Lesions, eh?
Little white sinister blobs on our MRI’s, causing untold relapses and despair.
I had a spectacular first ‘proper’ relapse eight years ago and nothing – absolutely nothing – could prepare me for it.
A day trip; a long-planned stroll around shops, and a coffee with a dollop of cream on top with a generous slice of cake in Ye Olde Tea Shoppe afterwards.
The Teenager was away on a rare break, and even though I still had a packet of wet wipes and an emergency box of Lego-themed plasters in my handbag, I was … an adult … for the day.
Or so I thought.
It started on the way there. I couldn’t stop yawning and slumped in the passenger seat, answering my friend with a Danish accent.
We parked up, and I meandered the streets, weaving this way and that, feeling completely spaced out. I floated around with numb, unworking feet and arms, disconnected and, if I’m honest, beyond scared. I fell against walls and tripped over my feet.

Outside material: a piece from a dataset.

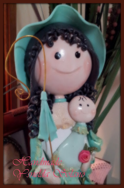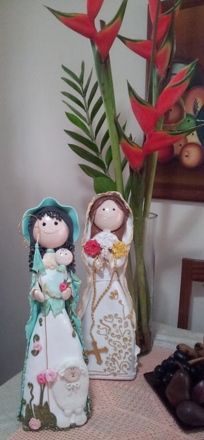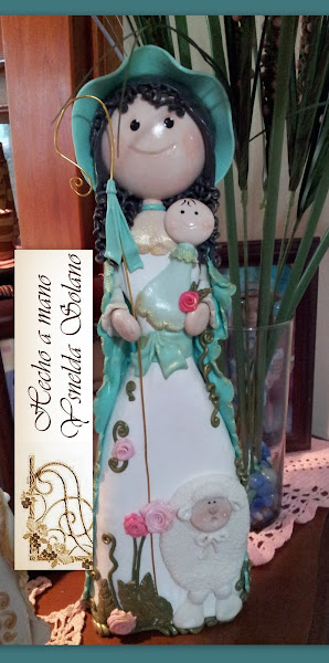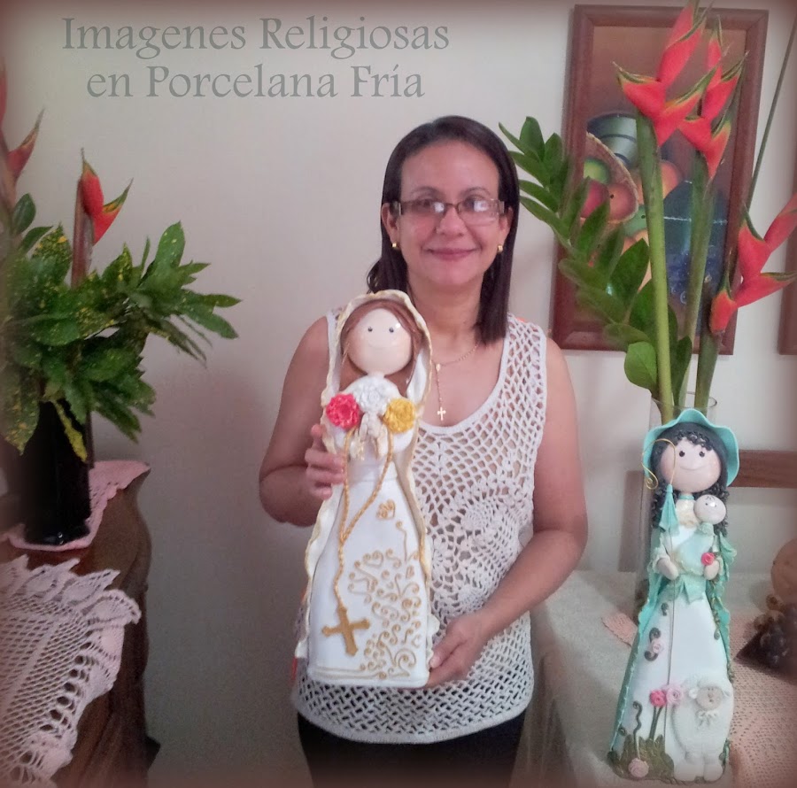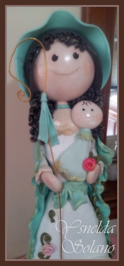 Como les he comentado antes, primero se empieza por los dibujos, diseñar las formas y tamaños de cada parte y luego llevarlo al material, o sea a la Masa Flexible o Porcelana Fría. Para mi fueron unas fases experimentales, que dieron como resultado estas dos virgencitas, una Divina Pastora y una Rosita Mística. Les comparto, con todo cariño, los frutos de este trabajo.

I finally found the Ye Olde place we’d agreed to meet at and I sat down, terrified. Something was very, very wrong. The language difficulties increased, as did the sensation of not being of this planet (I know, not that unusual for me, but bear with).
Two days later, I was admitted to hospital with an (eventually diagnosed) unusual lesion on the speech part of my brain. I could have gone in earlier and stayed in for days, but The Teenager was due back within hours and that took complete precedence over anything and everything. Within a year I had highly-active MS and treatment to match.
Fair play, The Teenager, even after all these years, still does a wicked Danish impression of me. I cannot begin to imagine the impression it left on him at such as young age.
So, lesions. Every day I wake up, I know exactly which ones will come forward and play up. Some are here to stay, the frayed cables permanently snapped – the foot drop, the balance. Some flare under fatigue – the language, the garbled speech, the cog fog. Sometimes they all get together and push me on to the sofa where I spend my days watching clouds drift past my window.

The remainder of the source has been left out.